Cyprus Mail

Limassol in 8th place among 56 cities for methamphetamine use

Limassol has been ranked in 8th place out of 56 European cities for use of methamphetamines, twice as high as Nicosia, according to a study of wastewater samples taken by the European Monitoring Center for Drugs and Drug Addiction (EMCDDA).

The sewerage water in the cities concerned was tested in March 2017 for cocaine, amphetamine, methamphetamine and ecstasy but not cannabis, which will be subject of a second study.

Through sampling prior to water treatment, scientists can estimate the quantity of drugs consumed by a community by measuring the levels of illicit drugs and their metabolites excreted in urine.

Key findings in 2017 revealed a picture of distinct geographical and temporal patterns of drug use across European cities. The results indicated that cocaine use is highest in western and southern European cities, in particular in cities in Belgium, the Netherlands, Spain and the United Kingdom. Wastewater analysis indicates that cocaine use is very low to negligible in the majority of eastern European cities.

The loads of amphetamine detected in wastewater varied considerably across study locations, with the highest levels reported in cities in the north and east of Europe. Amphetamine was found at much lower levels in cities in the south of Europe.

“In contrast, methamphetamine use, generally low and historically concentrated in the Czech Republic and Slovakia, now appears to be present also in Cyprus, the east of Germany and northern Europe. The observed methamphetamine loads in the other locations were very low to negligible,” said the report.

In fact Limassol was in 8th place when it came to methamphetamine use. The figure, based on milligrams per 1000 people produced was twice as high as what was found in Nicosia.

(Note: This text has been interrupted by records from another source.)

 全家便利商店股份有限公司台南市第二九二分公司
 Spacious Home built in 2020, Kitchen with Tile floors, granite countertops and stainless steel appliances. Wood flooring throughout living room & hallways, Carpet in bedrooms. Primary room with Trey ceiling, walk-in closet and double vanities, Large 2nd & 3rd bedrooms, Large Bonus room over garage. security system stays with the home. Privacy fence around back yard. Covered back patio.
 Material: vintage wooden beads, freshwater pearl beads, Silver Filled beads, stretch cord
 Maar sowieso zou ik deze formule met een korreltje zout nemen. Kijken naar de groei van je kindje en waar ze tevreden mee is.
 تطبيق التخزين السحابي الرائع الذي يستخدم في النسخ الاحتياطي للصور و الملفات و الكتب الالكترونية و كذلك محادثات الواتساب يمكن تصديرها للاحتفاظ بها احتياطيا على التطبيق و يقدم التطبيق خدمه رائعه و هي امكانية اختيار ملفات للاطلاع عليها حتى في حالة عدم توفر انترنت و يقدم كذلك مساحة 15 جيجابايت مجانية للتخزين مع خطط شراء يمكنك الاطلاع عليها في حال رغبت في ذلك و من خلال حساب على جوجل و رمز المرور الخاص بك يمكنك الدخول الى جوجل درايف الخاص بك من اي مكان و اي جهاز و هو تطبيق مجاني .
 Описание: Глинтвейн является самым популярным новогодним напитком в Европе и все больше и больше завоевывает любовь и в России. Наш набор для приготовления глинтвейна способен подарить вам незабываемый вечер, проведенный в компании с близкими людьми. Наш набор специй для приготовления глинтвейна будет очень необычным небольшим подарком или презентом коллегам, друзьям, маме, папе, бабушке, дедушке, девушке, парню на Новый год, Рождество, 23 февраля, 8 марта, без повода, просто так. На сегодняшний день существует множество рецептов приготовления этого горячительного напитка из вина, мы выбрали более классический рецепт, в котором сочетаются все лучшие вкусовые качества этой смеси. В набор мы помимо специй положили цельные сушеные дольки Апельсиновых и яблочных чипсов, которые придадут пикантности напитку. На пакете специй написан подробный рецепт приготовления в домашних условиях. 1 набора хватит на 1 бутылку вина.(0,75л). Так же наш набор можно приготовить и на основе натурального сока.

The highest mass loads of ecstasy were found in the wastewater in cities in Belgium, Germany and the Netherlands.

In addition to geographical patterns, wastewater analysis can detect fluctuations in weekly patterns of illicit drug use. More than three-quarters of cities showed higher loads in the wastewater during the weekend – Friday to Monday – than during weekdays. In contrast, amphetamine use was found to be distributed more evenly over the whole week.

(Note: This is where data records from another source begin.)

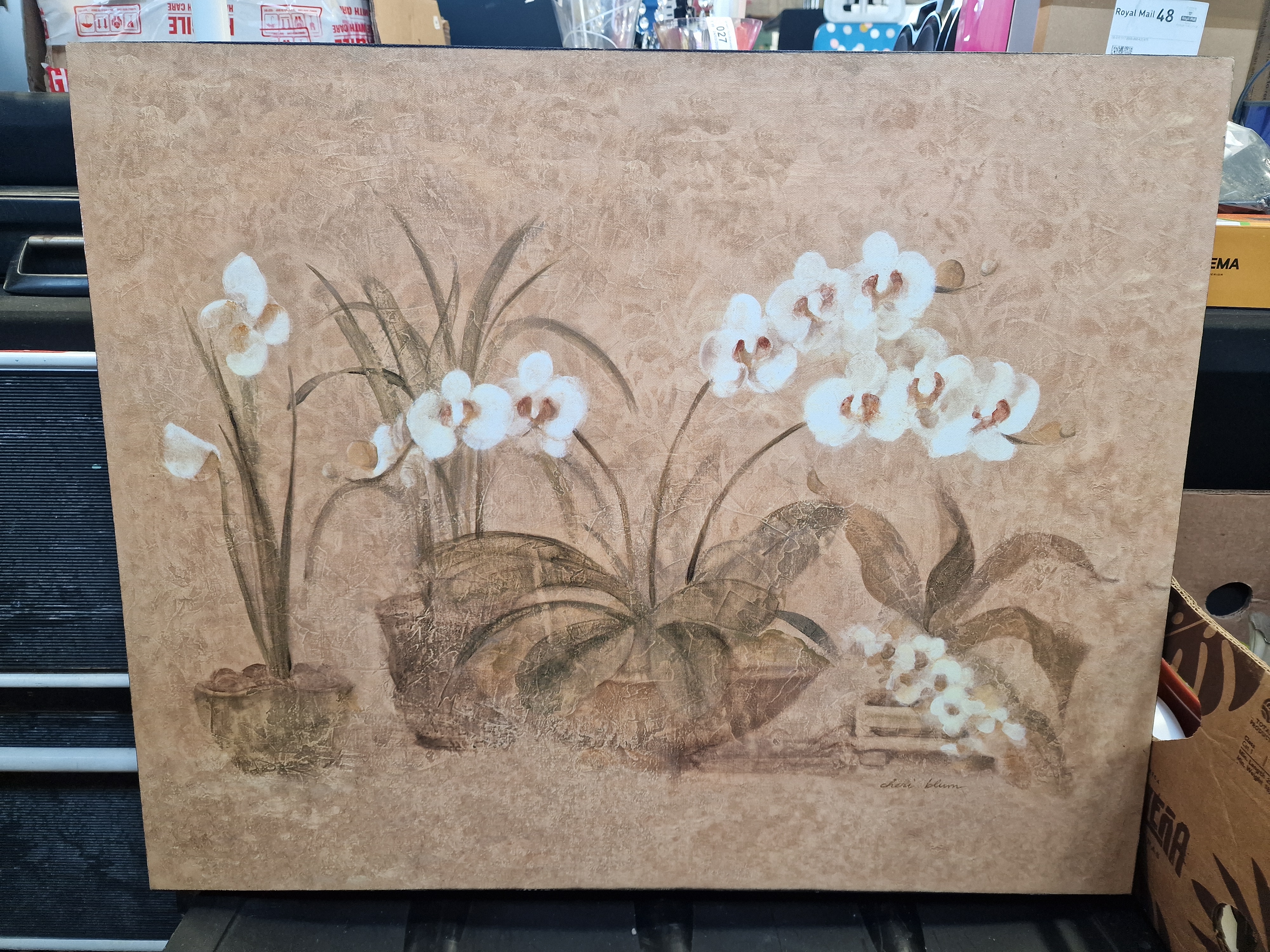 Cheri Blum (American, 1969-2003), Four Potted Orchids, contemporary botanical study. The work is executed in acrylic or mixed media on stretched canvas, featuring white orchids with tan centres against a mottled, earth-toned background with gestural foliage. Signed cheri blum in the lower right corner.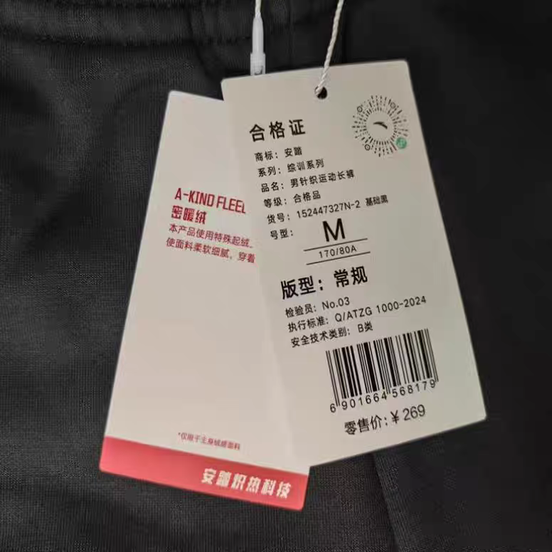 Anta Fleece-Lined Sports Pants | Thickened Warm Sports Trousers Men's Knitted Jogger Pants 152447327N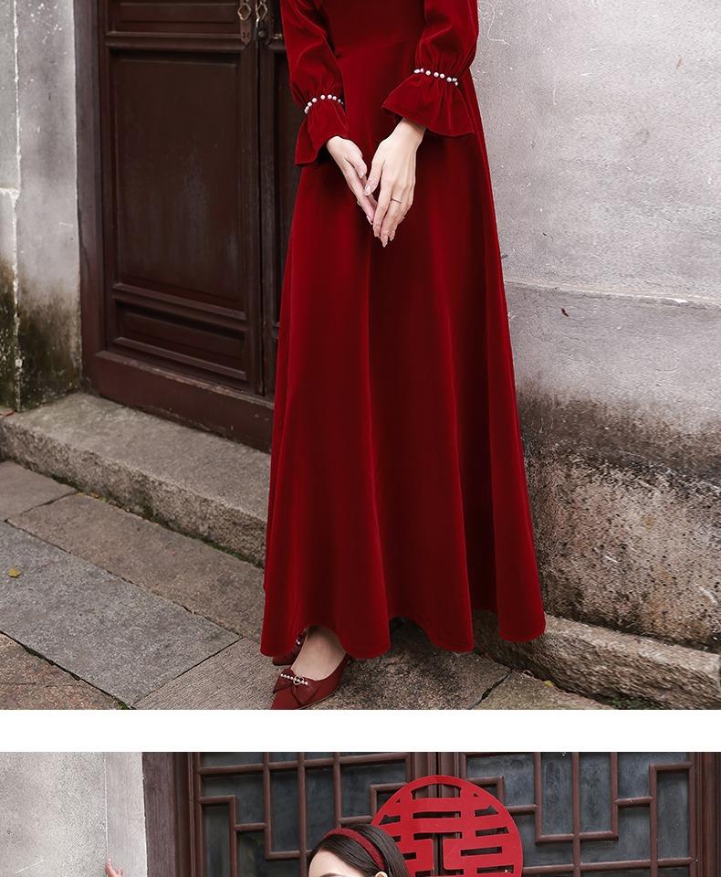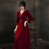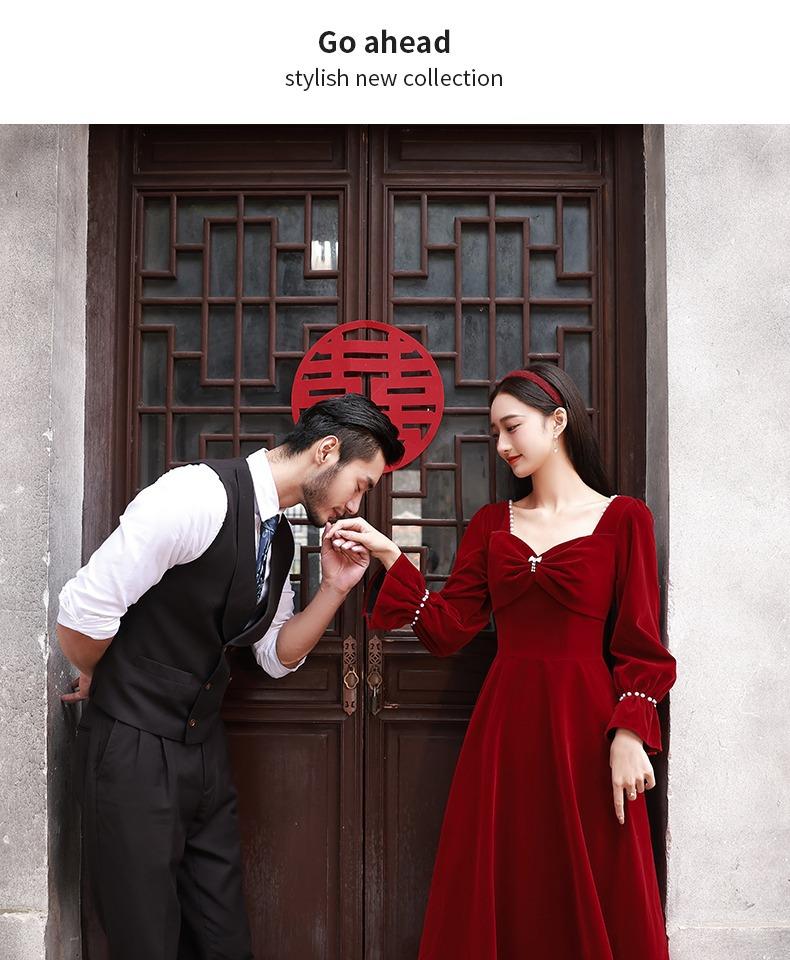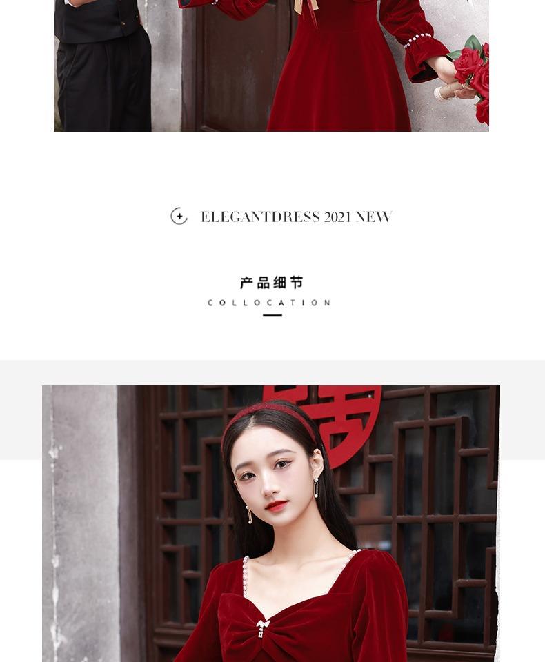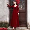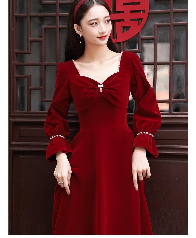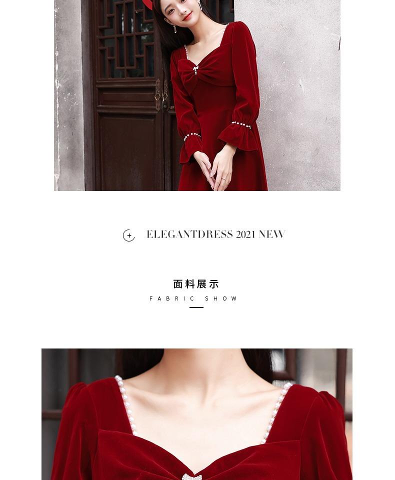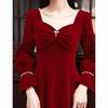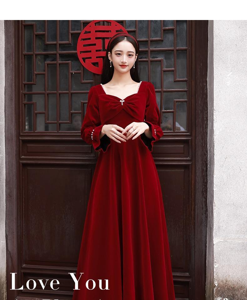 Vestido de Brindis de Terciopelo de Manga Larga para Novia 2025 Nuevo Boda Compromiso Regreso a Casa Agradecimiento Banquete Vestido Borgoña Falda Línea A

Another conclusion reached was that higher consumption of the four drugs was recorded in cities that combine the existence of universities and nightlife, involving mainly young people aged 18-25.

According to the study, a relatively stable picture of cocaine use was observed between 2011 and 2015 in most cities. In 2016, there were initial signs that this pattern was changing with 22 out of 33 cities with data for 2015 and 2016 reporting an increase. This was confirmed in 2017, with 19 out of the 31 cities with data for 2016 and 2017 reporting an increase in the loads found. Most of the 13 cities with data for 2011 and 2017 report increasing longer-term trends.